В результате каких-то междоусобиц и недоразумений его дачный участок был неестественно узок и с довольно крутым наклоном, а верхняя его часть совсем уж нелепо резалась общесадовой дорогой.

Маленький деревянный домик был поставлен еще отцом и давно нуждался в ремонте, но для этого не было ни сил, ни денег.

Покосившаяся изгородь, заросли вишняка, крыжовника, смородины.

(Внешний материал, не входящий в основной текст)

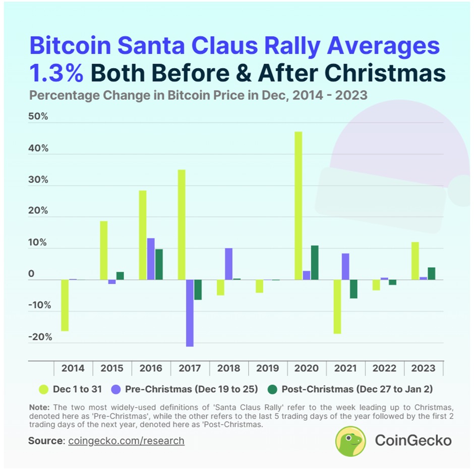 下周可能會迎來聖誕拉力賽嗎? 自9月以來,加密市場一直表現強勁。僅9月,所有加密貨幣的總市值就上漲了7.54%,10月又上漲了5.77%。11月再次成為收益最佳的月份,回報高達44.54%。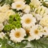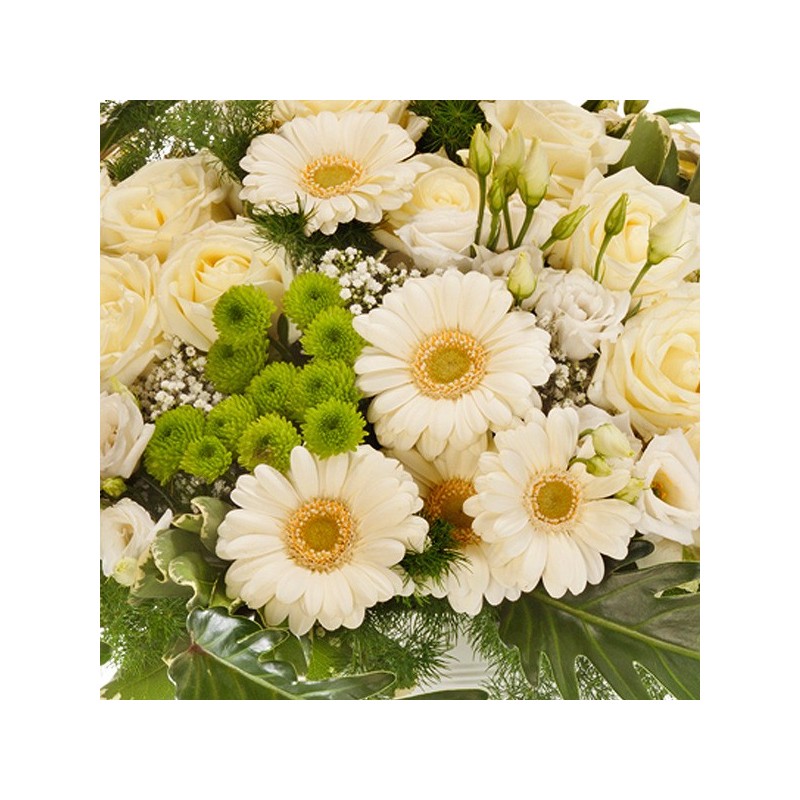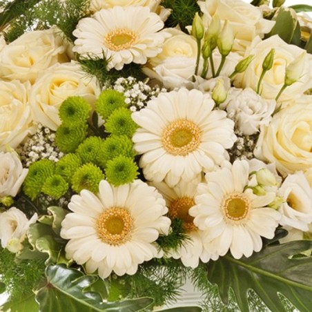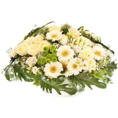 Grande composition de deuil dans les tons blanc et vert composée de roses, gypsophile, germinis, lysianthus et autre fleurs de saison dans un contenant bas de forme ronde en zinc (contenant non contractuel).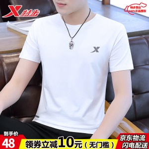 特步男装运动短袖t恤衫春夏四季新款透气潮流修身男士休闲速干套头上衣棉T户外跑步健身综训篮足球吸汗服饰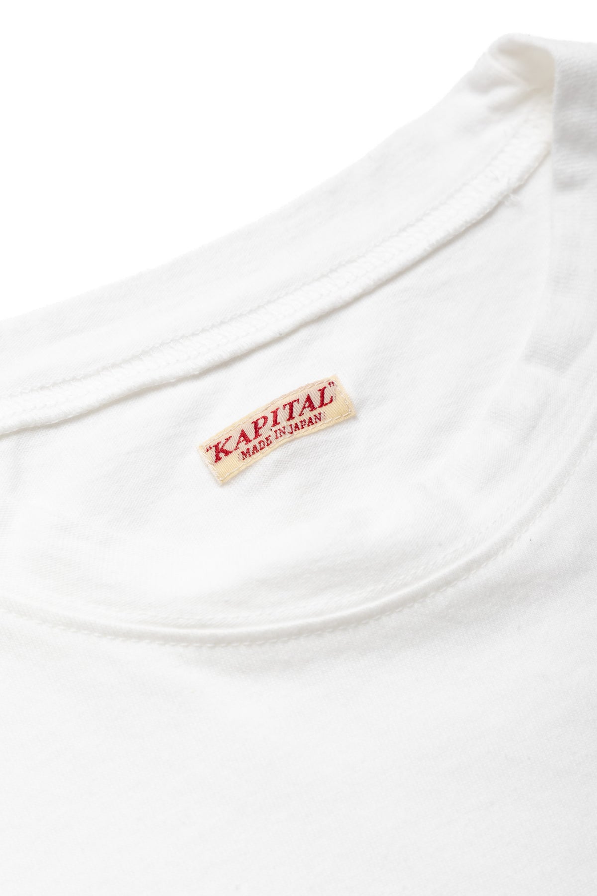 T-shirt features the "KAP][TAL" logo, which is used on the leather patch of KAPITAL jeans, printed on the front.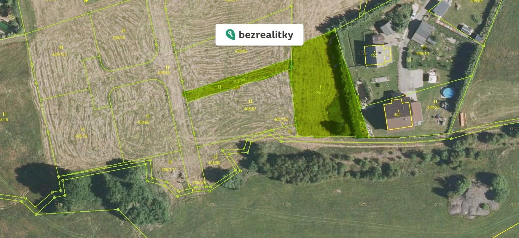 Pozemek je příhodně jihozápadně nakloněn v otevřené krajině a velmi vhodný pro výstavbu nízkoenergetického domu s fotovoltaickou elektrárnou.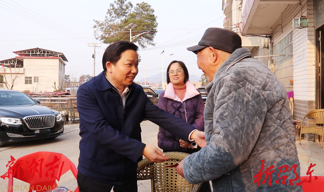 新邵东客户端1月22日讯(记者 刘意忠) 连日来,邵东市委书记李国军开展春节前走访,慰问困难群众、党员,离退休老干部,专家人才,重点企业及重要客商和一线值班人员,送上党和政府的关怀,并致以新春祝福。他强调,要深入践行以人民为中心的发展思想,要带着感情、带着责任,时刻关心百姓安危冷暖,用心用情用力做好春节“四保”工作,确保全市人民过上一个平安欢乐祥和的春节。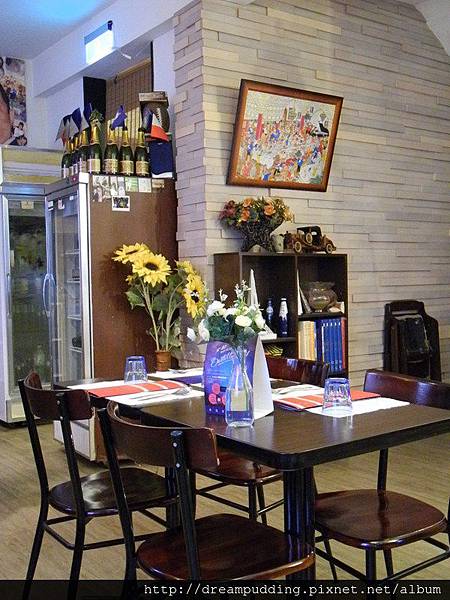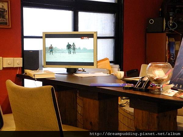 吧檯桌有台小液晶,很適合坐在這喝酒聊天看球賽阿。但我現在很迷韓劇,所以對球賽就興趣缺缺,想當初小時候也迷過灌籃高手,看了一陣子NBA,那陣子很迷籃球員,周俊三跟陳信安,雖然不很懂籃球,但是看到那精湛球技,就會忍不住熱血沸騰。結果現在只對韓劇熱血沸騰.......我真的年紀大了。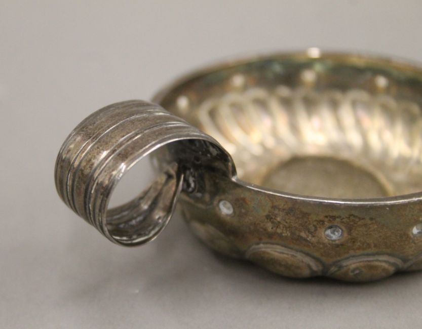 A French silver wine taster. 7.5 cm diameter. 56.3 grammes.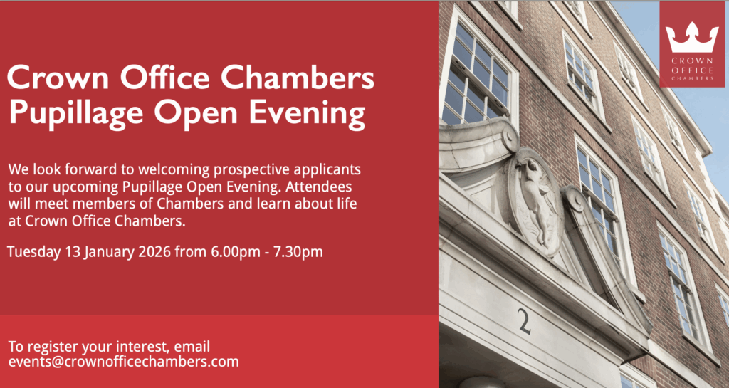 Crown Office’s Pupillage Evening will take place on Tuesday 13 January 2026 from 6.00pm – 7.30pm, with drinks and nibbles provided.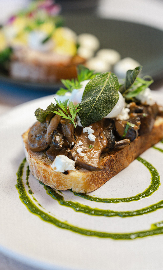 Mushrooms on Toast Forest Mushroom Bourguignon, Poached Egg, Goats Cheese, Fried Sage, Chargrilled Local Sourdough | 22 (V)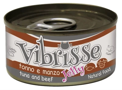 Vibrisse Cat Jelly Tonijn/Rund 24X70 gr is aanvullend natvoer voor de kat uit tonijn en rund in gelei, zonder toegevoegde kleur- en conserveringsmiddelen. Dit smakelijke voer bestaat uit geselecteerde delen van tonijn, rundvlees en rijst, heerlijk van smaak en niet verrijkt met kunstmatige toevoegingen. Omdat katten vaak de neiging hebben te weinig te drinken, draagt dit natvoer bij aan een gezonde, gelukkige kat.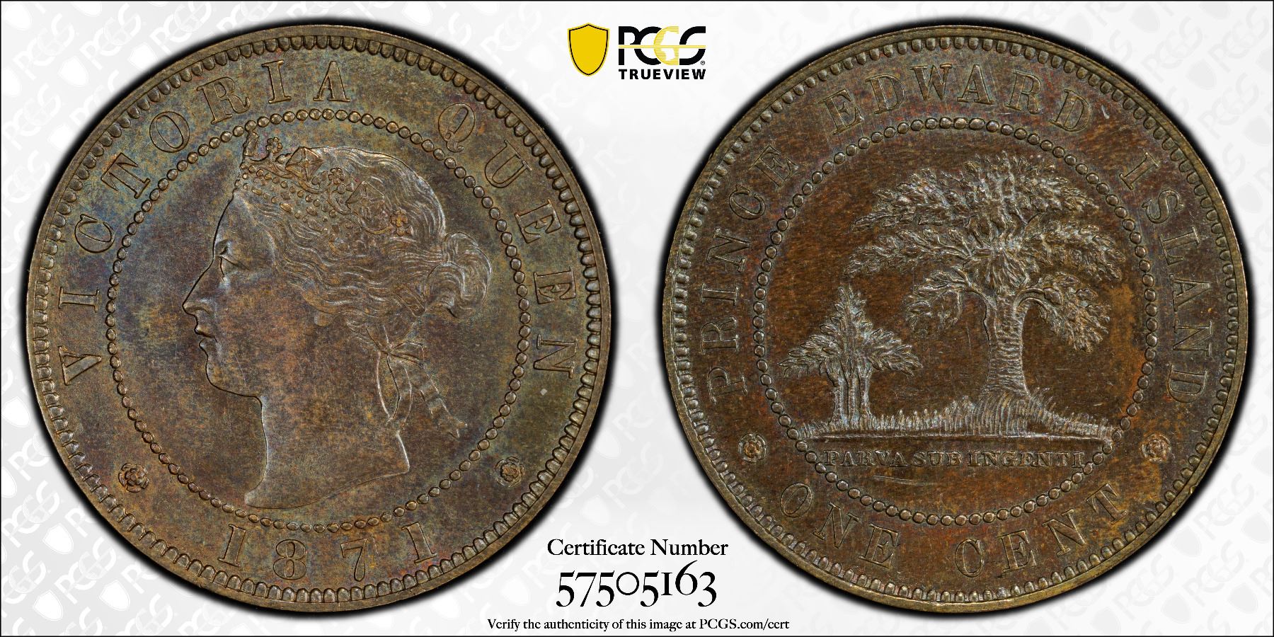 PRINCE EDWARD ISLAND: Victoria, 1837-1873, AE cent, 1871, KM-4, coin alignment, lovely shimmering luster, PCGS graded MS63 BN.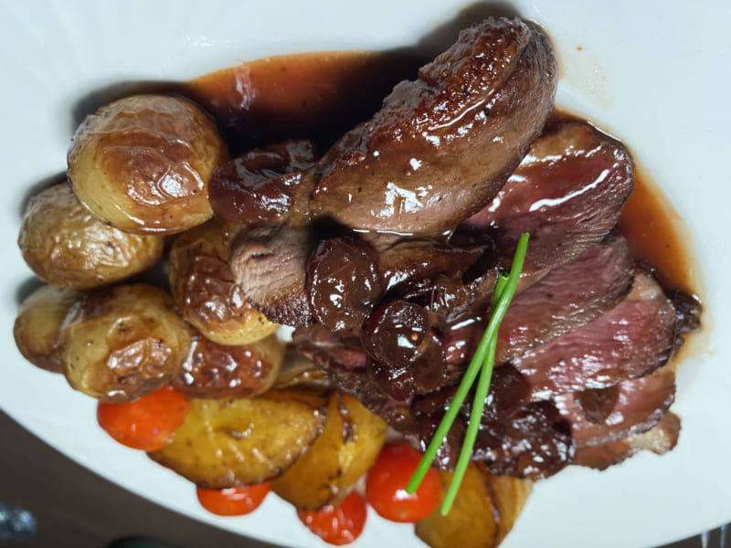 The only dissatisfaction was the cooking of the middle slices. While the end pieces were perfectly cooked, the middle pieces were more "blue" than rare. Not being a raw meat lover, I couldn't bring myself to eat these. As for the side dishes, the potatoes were tasty and well seasoned, without much originality. I found only one that could have benefited from more cooking, otherwise it was very good. The beets that were advertised as red on the menu were also very good, although in too large a quantity for me. I like this vegetable, but in moderation. As for the onions, I didn't really understand their purpose. I don't get much pleasure from eating sliced onions alone.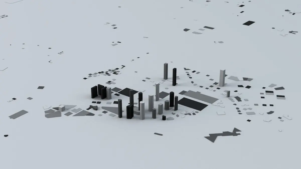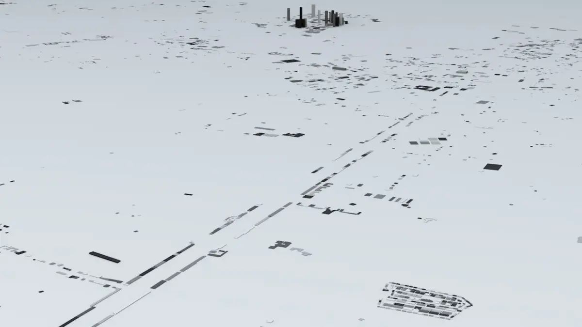 - the model is positioned on a flat surface (all buildings are on the “floor” - no elevation data included)

Парник, компостная яма, железная бочка.

Сарайчик, уборная.

В домике стол, диван и картина.

Рядом, слева, на пятачке садового общества, вечерами часто собирается окрестная молодежь: шум, гам, выпивки, разборки, то стакан им подай, то закусить что-нибудь.

Нет здесь ни тишины, ни уединения.

— Продай и купи что-нибудь другое, — сказал я.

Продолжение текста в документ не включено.